[Task data]
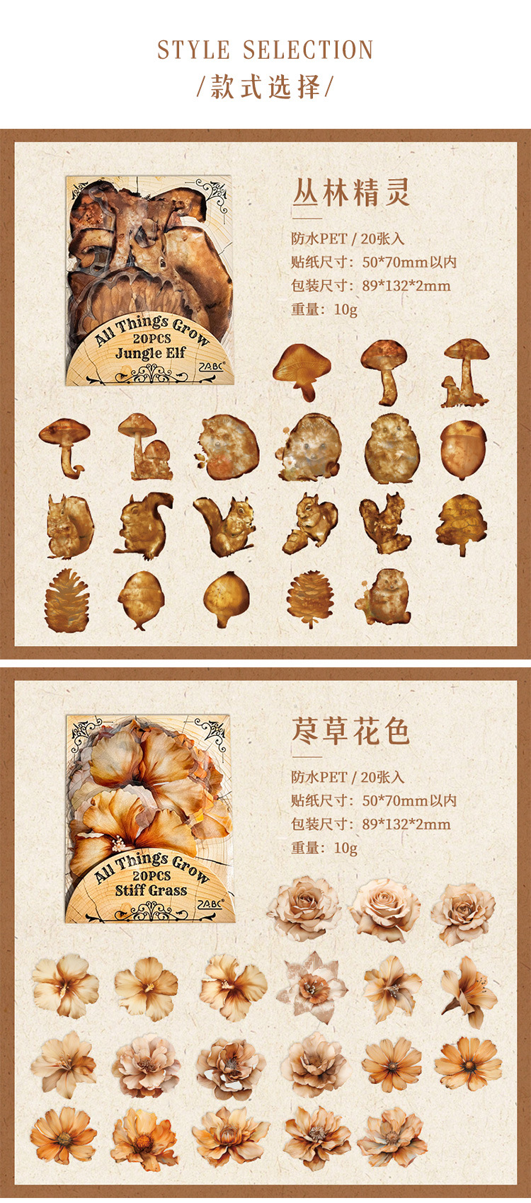 모든 것 성장 시리즈 투명 방수 애완 동물 손 계정 스티커 가방 diy 식물 장식 재료 동물 문구 스티커스토어 가기
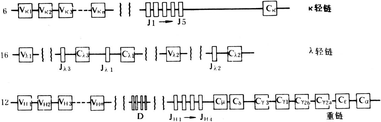 包括重链基因连锁群与编码轻链的κ链和λ链基因连锁群。3个连锁群位于不同染色体上,如人的重链、κ链和λ链连锁群分别位于第14、2和22对染色体上;小鼠的则分别位于第12、6和16对染色体上(图1)。
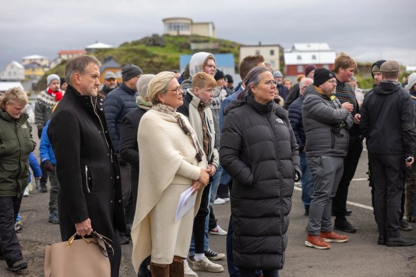Heimsókninni í Stykkishólm lauk á hátíðarsamkomu bæjarbúa á hafskipabryggjunni. Þar flutti Björgvin Sigríðarson Jakobsson bæjarstjóri hátíðarávarp og kynnti forseta á svið þar sem hún færði bæjarbúum hátíðarkveðju.
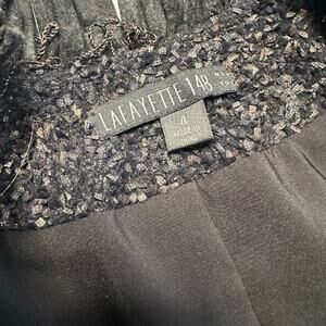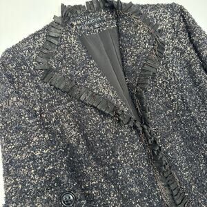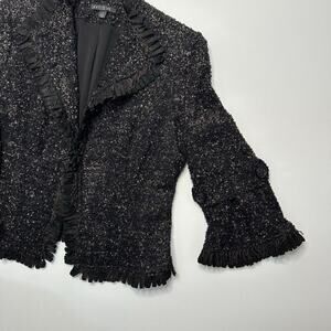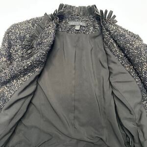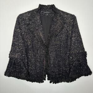 Lafayette 148 New York Boucle Nubby Fringe Short Blazer Jacket. Black body with brown nubs. Edge fringe is black loops with brown threads. Fully lined. One small hook on center front. Flared sleeve with decorative tab. Sleeves are slightly cropped length. Wool/polyamide/elastane blend. Women’s size 4. Good used condition.
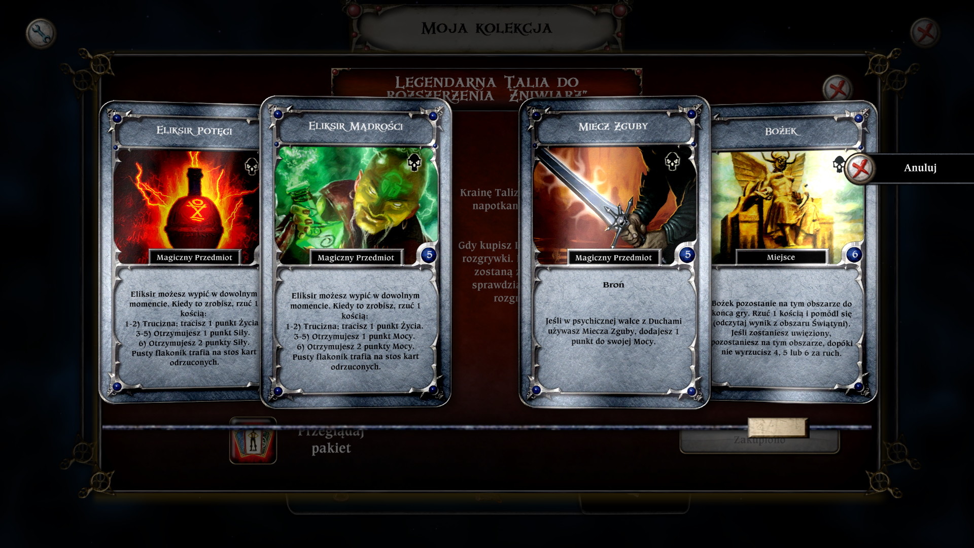 Zakupiona Legendarna Talia zasili Twoją kolekcję „Talisman: Digital Edition” i będzie dostępna we wszystkich trybach rozgrywki. Pamiętaj, że oferowana talia nie jest dostępna w ramach przepustki sezonowej „Talisman: Digital Edition”.
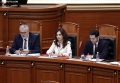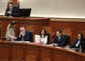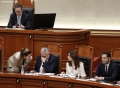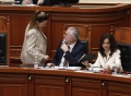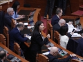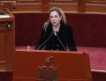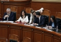 SEANCE PARLAMENTARE - Deputetja Zegjine Caushi duke folur ne nje moment tensioni gjate nje seance parlamentare. Gjate seances, ka pasur debate dhe tension midis perfaqesuesve te mazhorances dhe opozites.
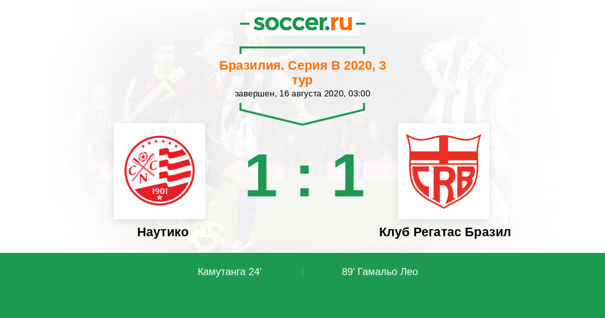Наутико - Клуб Регатас Бразил: обзор матча 16 августа 2020

[Problem requirements] Copy nothing but the lines from the top of the material through the line holding "Lafayette 148 New", exactly as written; omit pictures.

[Reply to the task]
 모든 것 성장 시리즈 투명 방수 애완 동물 손 계정 스티커 가방 diy 식물 장식 재료 동물 문구 스티커스토어 가기
 包括重链基因连锁群与编码轻链的κ链和λ链基因连锁群。3个连锁群位于不同染色体上,如人的重链、κ链和λ链连锁群分别位于第14、2和22对染色体上;小鼠的则分别位于第12、6和16对染色体上(图1)。
Heimsókninni í Stykkishólm lauk á hátíðarsamkomu bæjarbúa á hafskipabryggjunni. Þar flutti Björgvin Sigríðarson Jakobsson bæjarstjóri hátíðarávarp og kynnti forseta á svið þar sem hún færði bæjarbúum hátíðarkveðju.
 Lafayette 148 New York Boucle Nubby Fringe Short Blazer Jacket. Black body with brown nubs. Edge fringe is black loops with brown threads. Fully lined. One small hook on center front. Flared sleeve with decorative tab. Sleeves are slightly cropped length. Wool/polyamide/elastane blend. Women’s size 4. Good used condition.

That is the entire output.